**Exercise data**
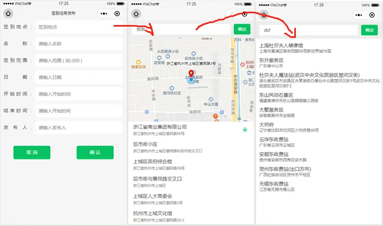 - 点击地点弹出地图,首先根据自身定位,并获取周边10个主要地点。
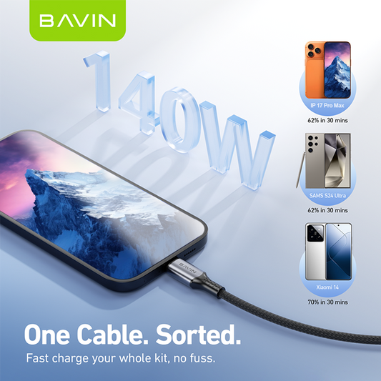 BAVIN CB422 140W PD 3.1 USB-C to USB-C Fast Charging Cable 1.2m Braided+PPS For Phone/Tablet/Laptop
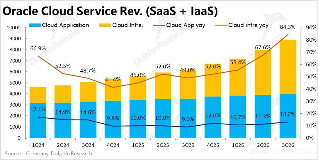 3、长桥海豚君认为,甲骨文后续的增长潜力与市场争议,均集中在 IaaS 业务尤其是 OCI AI 相关业务上。
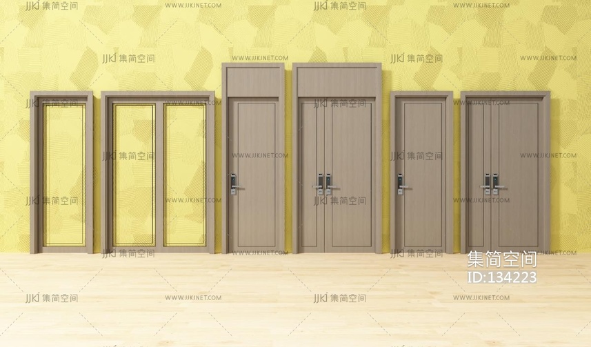 现代单开门磨砂玻璃门3D模型3d模型下载
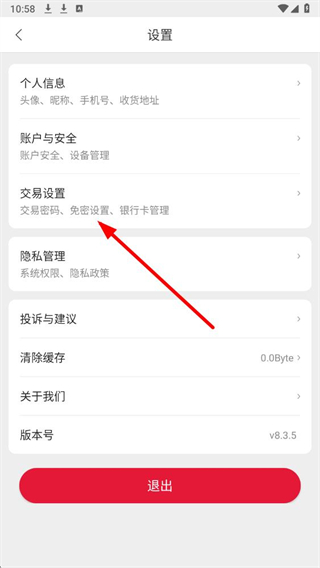 2、在设置页面中,找到交易设置选项,点击进入交易相关的设置界面。
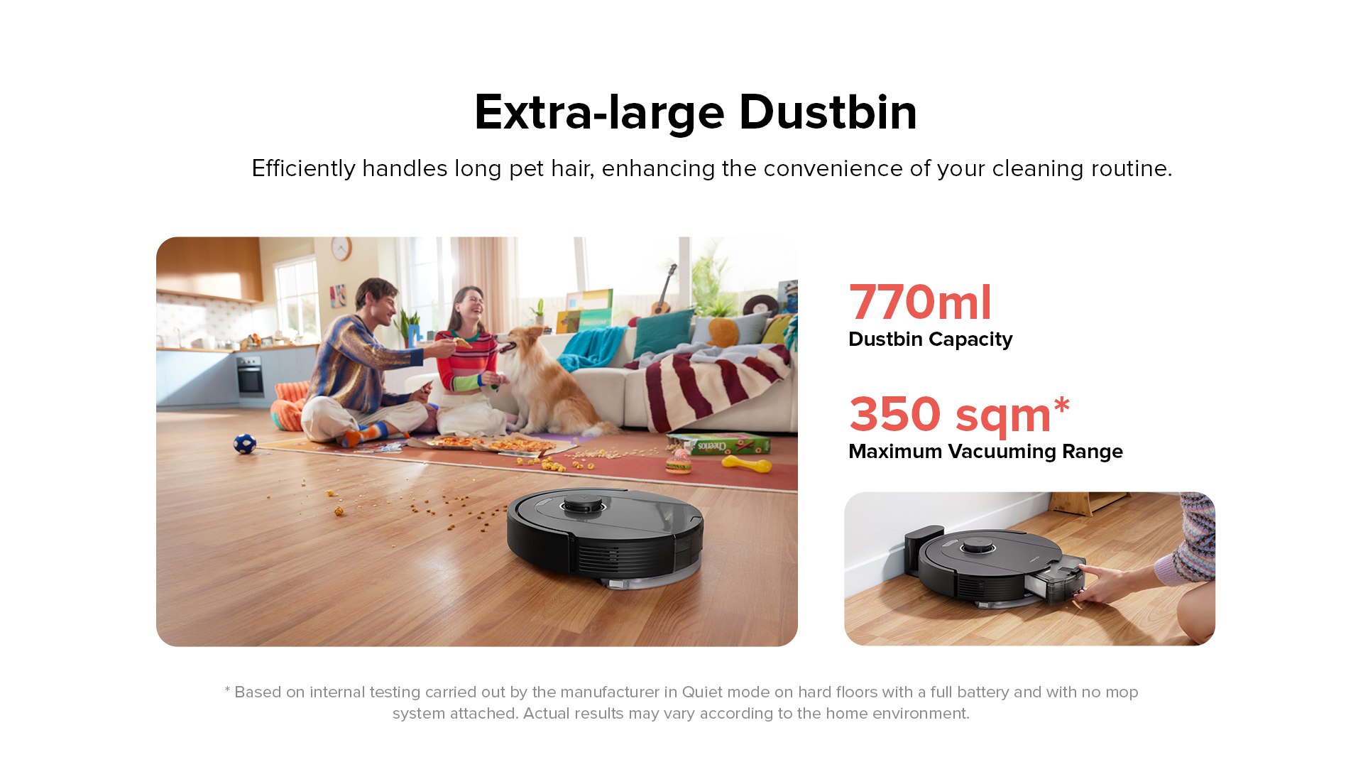 Cùng với đó, sản phẩm với viên pin dung lượng lớn và người dùng có thể cài đặt tính năng sạc ngoài giờ cao điểm thông minh. Sản phẩm có khả năng làm sạch lên tới 350 mét vuông, do đó bạn có thể an tâm hơn trong trường hợp nếu cần dọn dẹp trong diện tích lớn. Bên cạnh đó, thiết bị còn làm sạch được sàn gỗ một cách hiệu quả, di chuyển theo hướng của các đường nối và lọt vào giữa các vết nứt, loại bỏ bụi bẩn bám trên sàn nhà.

**What is expected**
Restate the whole listing word for word. Omit the pictures.

**Answer**
 - 点击地点弹出地图,首先根据自身定位,并获取周边10个主要地点。
 BAVIN CB422 140W PD 3.1 USB-C to USB-C Fast Charging Cable 1.2m Braided+PPS For Phone/Tablet/Laptop
 3、长桥海豚君认为,甲骨文后续的增长潜力与市场争议,均集中在 IaaS 业务尤其是 OCI AI 相关业务上。
 现代单开门磨砂玻璃门3D模型3d模型下载
 2、在设置页面中,找到交易设置选项,点击进入交易相关的设置界面。
 Cùng với đó, sản phẩm với viên pin dung lượng lớn và người dùng có thể cài đặt tính năng sạc ngoài giờ cao điểm thông minh. Sản phẩm có khả năng làm sạch lên tới 350 mét vuông, do đó bạn có thể an tâm hơn trong trường hợp nếu cần dọn dẹp trong diện tích lớn. Bên cạnh đó, thiết bị còn làm sạch được sàn gỗ một cách hiệu quả, di chuyển theo hướng của các đường nối và lọt vào giữa các vết nứt, loại bỏ bụi bẩn bám trên sàn nhà.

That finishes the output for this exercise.